* [What you need to do]: Only the lines below from the one containing "Вооруженные силы России" through the one containing "ドローン飛行空域が国有林なので遅くとも五日営業日前に入林届けを提出 | ||||" belong in the answer, set down exactly, with the pictures left out.

#### Dataset entries

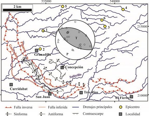 La solución a 3 km de profundidad fue considerada como la mejor por mostrar el menor RMS (0,36 s) (FIGURA 8). Los errores en la localización del sismo fueron de 1,2, 1,6 y 1,8 km en latitud, longitud y profundidad, respectivamente. Tomando en cuenta estas incertidumbres en la localización del hipocentro y el plano nodal que es consistente con la dirección de buzamiento de la falla Cipreses (N30°E/35° y ángulo de rake de 90°, (TABLA 2), el hipocentro del sismo del 5 de marzo del 2010 podría coincidir con la ubicación de la falla en profundidad. Un cálculo trigonométrico sencillo usando la profundidad del hipocentro con sus incertidumbres y el ángulo de buzamiento del plano nodal de interés, sugiere que la traza superficial de la falla se encontraría entre 0,8 y 3,4 km del epicentro. Esto concuerda con la distancia obtenida de 2,5 km entre el epicentro y la traza en donde la expresión superficial posee una dirección de buzamiento similar al del plano nodal (N30°E) al sur de Granadilla (FIGURA 8). La solución de este plano nodal, es además concordante con el plano de falla de dirección de buzamiento N55°E/25° y ángulo de rake de 85° observado en el afloramiento descrito en la sección anterior. Por esta razón, se considera que el origen de este sismo podría ser atribuido a la falla Cipreses.
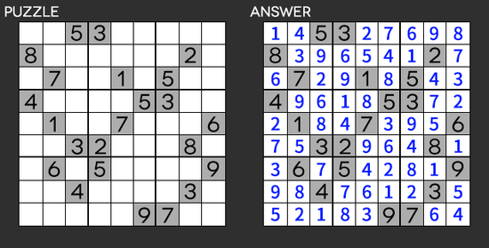 再根据第二部分(2)“报纸上做点数字谜题”,可以确定该9×9数字矩阵实际为数独(Sudoku,数独 / すうどく)游戏。
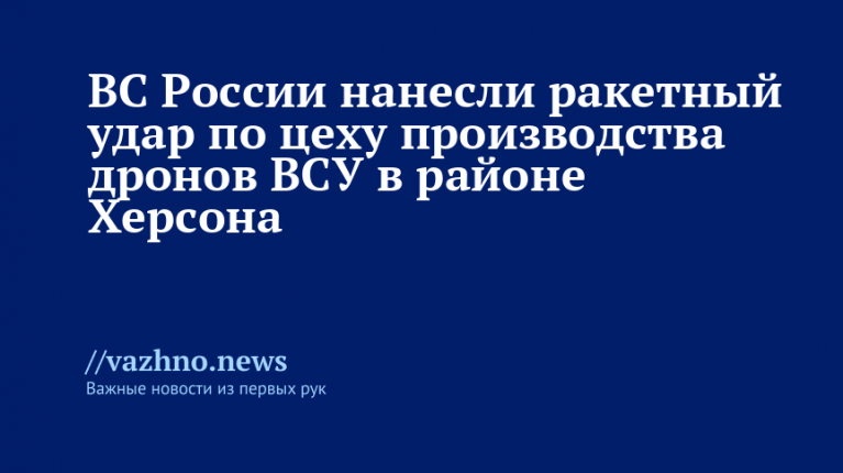 Вооруженные силы России провели ракетный удар по производственному цеху дронов Вооруженных сил Украины (ВСУ) в районе Херсона. Об этом сообщили в Минобороны РФ 8 октября.
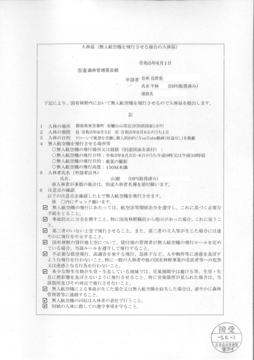 ドローン飛行空域が国有林なので遅くとも五日営業日前に入林届けを提出 | ||||
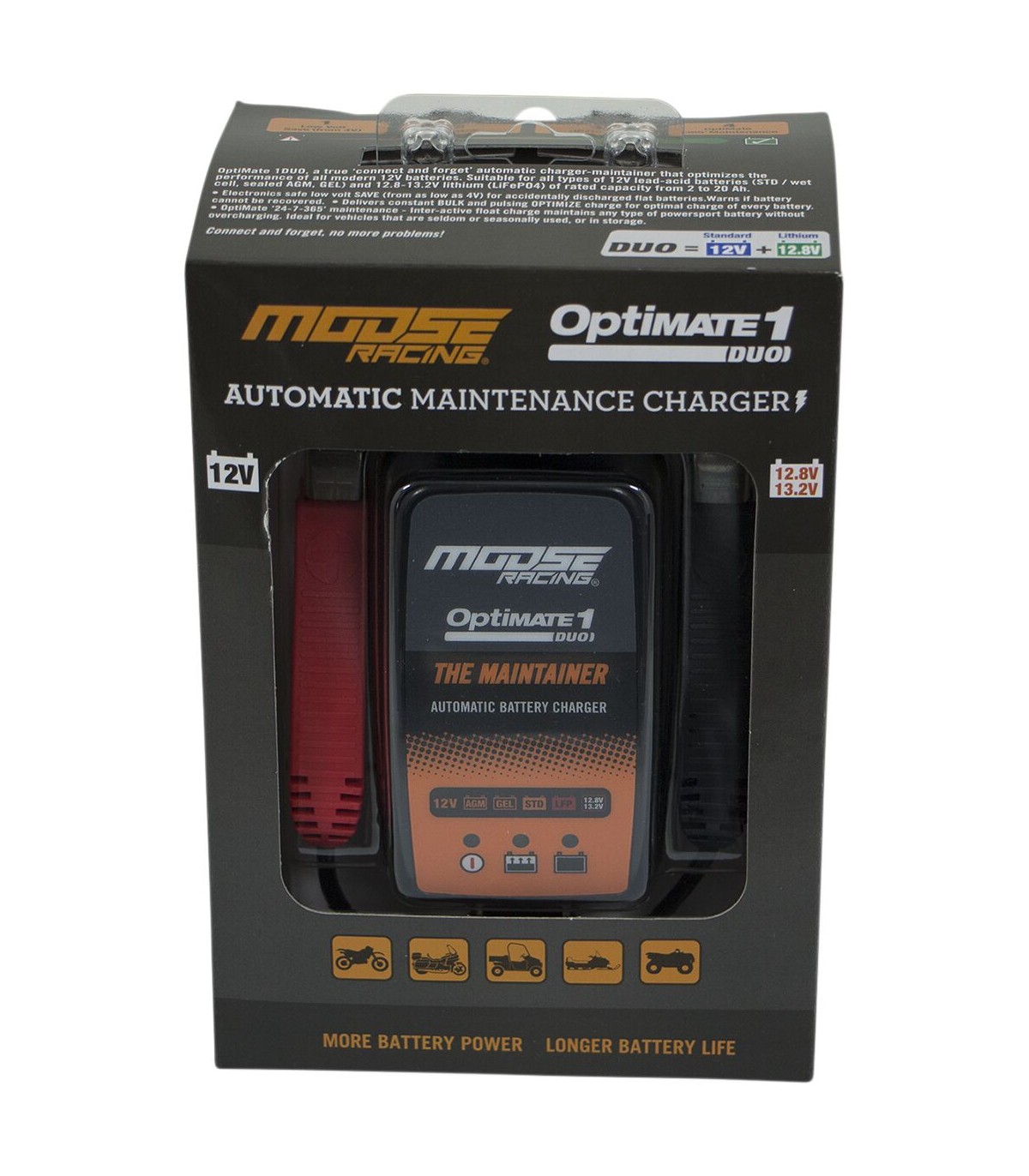 Chargeur OptiMATE 1 DUO MSE avec prise Royaume-UniChargeur/mainteneur de charge de 12 V/12,8 V et 0,6 A à 4 phasesLe kit OptiMate 1 délivre une charge précise contrôlée par microprocesseur et de longues périodes de fonctionnement sans entretien.Il entretient n'importe quelle batterie plomb-acide de 12 V sans jamais la surcharger ; bouchon/cellule humide, AGM (MF) scellée ou GEL et batterie lithium de 12,8/13,2 V (LiFePO4).Idéal pour les véhicules utilisés rarement ou de façon saisonnière ou pour ceux qui sont entreposésLe programme d’entretien OptiMate délivre uniquement la puissance requise à la batterie, sans surcharge ni sous-charge.Entretient N'IMPORTE QUELLE batterie au lithium, AGM GEL ou standard de 12 V/12,8 VMaintenance de la batterie à long terme 100 % automatique et 100 % sécurisée Après avoir raccordé celle-ci, vous n’avez plus à vous préoccuper de rien !Un chargeur/mainteneur de charge simplissimeVous n’avez pas besoin de choisir le programme adéquat ; le dispositif s’en charge.
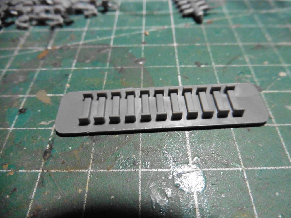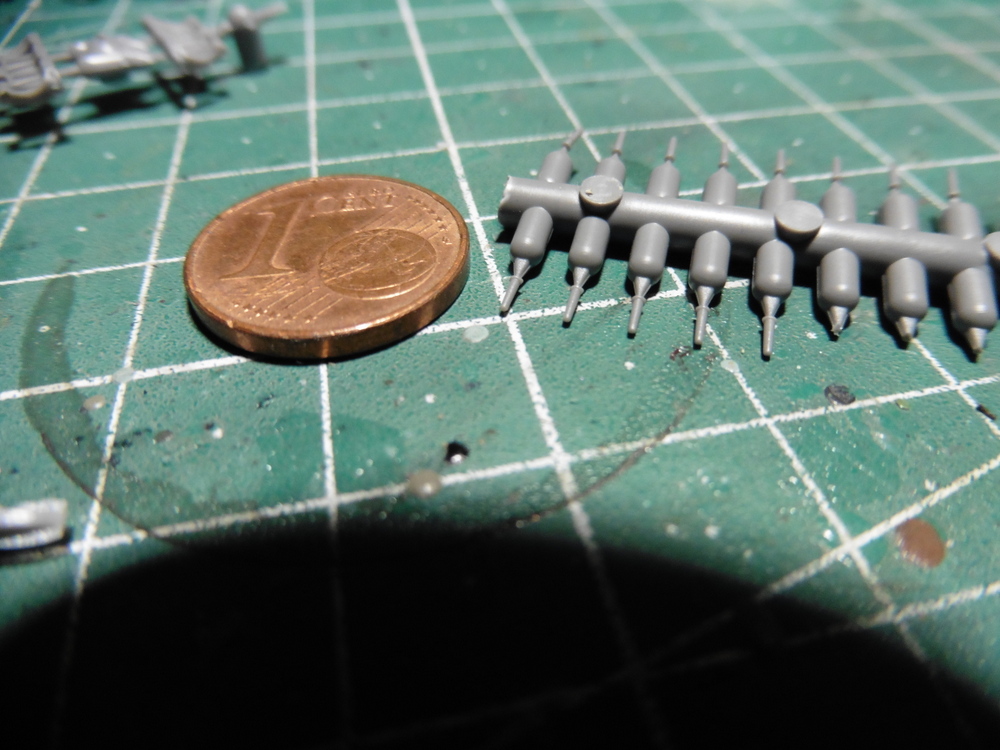 Sollte man das dann bei 10 Kettengliedern irgendwann mal schaffen , schneidet man die Bolzen einfach vom Spritzlig mit nem Kutter . Das Ganze natürlich von beiden seiten . Hatt man dann 10 Kettenglieder fertig verbunden und nimmt diese dann aus der Schablone isses ja nicht so , das von 20 Bolzen 5 wieder raus fallen . Die find dann erst mal wieder ..... arrrgggghhhhh
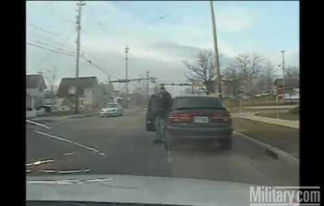 Συγκλονιστικό το βίντεο από το Οχάϊο των ΗΠΑ. Ένα περιπολικό σταματά ένα ύποπτο αυτοκίνητο. Ο οδηγός του ξαφνικά κατεβαίνει και αρχίζει να τους “γαζώνει” με Καλάσνικοφ! Οι αστυνομικού ανταποδίδουν τα πυρά κι εκείνος πέφτει στην άσφαλτο.
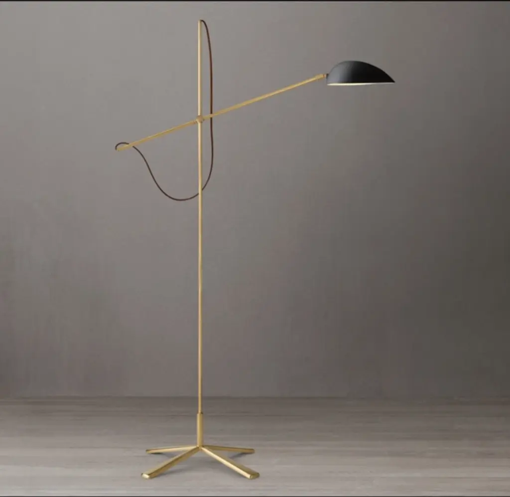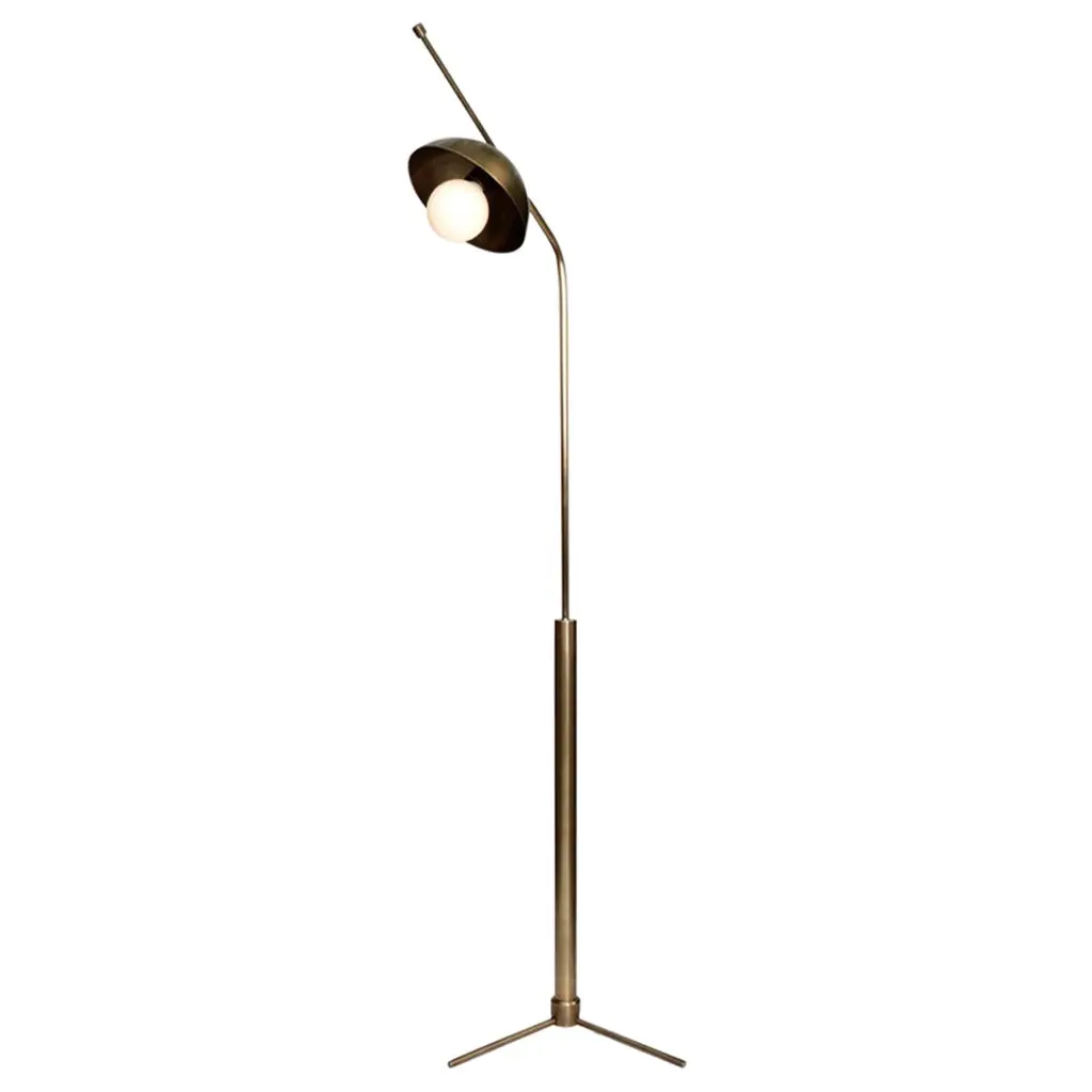 Designer Aerin Lauder of New York redefines modern grandeur with Graphic, featuring a dramatic cup shade on a minimalist frame crafted of powdercoated steel in a hand-rubbed antique brass finish. A rotating boom arm extends from the sculptural, slender base, directing a focused swath of light wherever it's needed.

########

* [Answer space]:
 Вооруженные силы России провели ракетный удар по производственному цеху дронов Вооруженных сил Украины (ВСУ) в районе Херсона. Об этом сообщили в Минобороны РФ 8 октября.
 ドローン飛行空域が国有林なので遅くとも五日営業日前に入林届けを提出 | ||||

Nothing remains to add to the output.